WHAT TO PRODUCE: Starting at the line that contains "충청남도청소년희망포럼 1차 '청소년", transcribe each line through the end of the material below, exactly and nothing else, leaving out the pictures.

COLLECTED DATA:
* * *

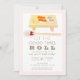 Diese stilvolle und moderne "Lass the good times roll" Party Einladung des neuen Jahres bietet wasserfarbene Sushi auf Holzbrett mit Stäbchen auf weißem Hintergrund gerahmt von einem rot-rosa Rand. Auf der Rückseite finden Sie Diagnosestreifen in Rosa und Imitat Gold. Ändern Sie die Hintergrundfarbe sowohl auf der Vorderseite als auch auf der Rückseite und personalisieren Sie sie für Ihre Bedürfnisse.
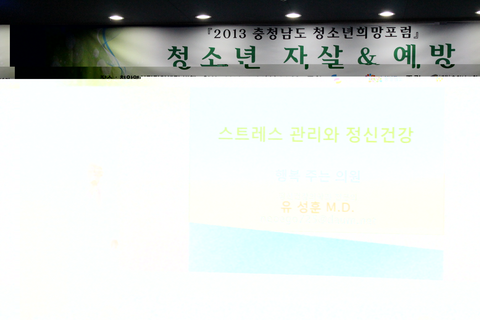 충청남도청소년희망포럼 1차 '청소년 자살&예방' 3201 | 최고관리자 | 2014-01-11 ○주제 : 청소년 자살 & 예방 ○ 일시 : 4. 24 (수요일) 14:00~16:30 ○ 장소 : 천안시영상미디어센터 비채 ○ 대상 : 학부모 및 청소년, 유관기관 관계관 등 - 발제자 : 충청남도광역정신건강증진센터 김도윤 부센터장 행복주는 의
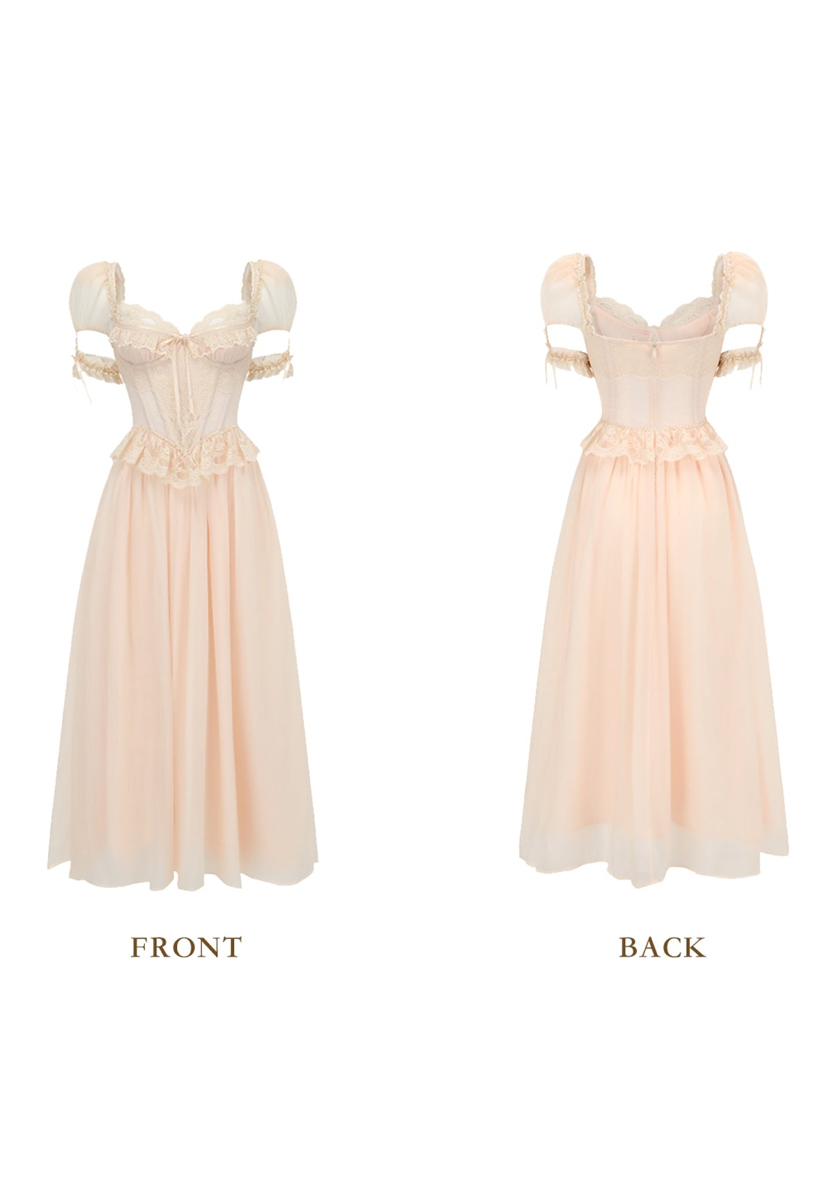 - Refined Details – Custom-dyed lace trims, ruched lace cuffs, and mesh-supported sleeves accentuate the silhouette.

* * *

WRITTEN ANSWER:
 충청남도청소년희망포럼 1차 '청소년 자살&예방' 3201 | 최고관리자 | 2014-01-11 ○주제 : 청소년 자살 & 예방 ○ 일시 : 4. 24 (수요일) 14:00~16:30 ○ 장소 : 천안시영상미디어센터 비채 ○ 대상 : 학부모 및 청소년, 유관기관 관계관 등 - 발제자 : 충청남도광역정신건강증진센터 김도윤 부센터장 행복주는 의
 - Refined Details – Custom-dyed lace trims, ruched lace cuffs, and mesh-supported sleeves accentuate the silhouette.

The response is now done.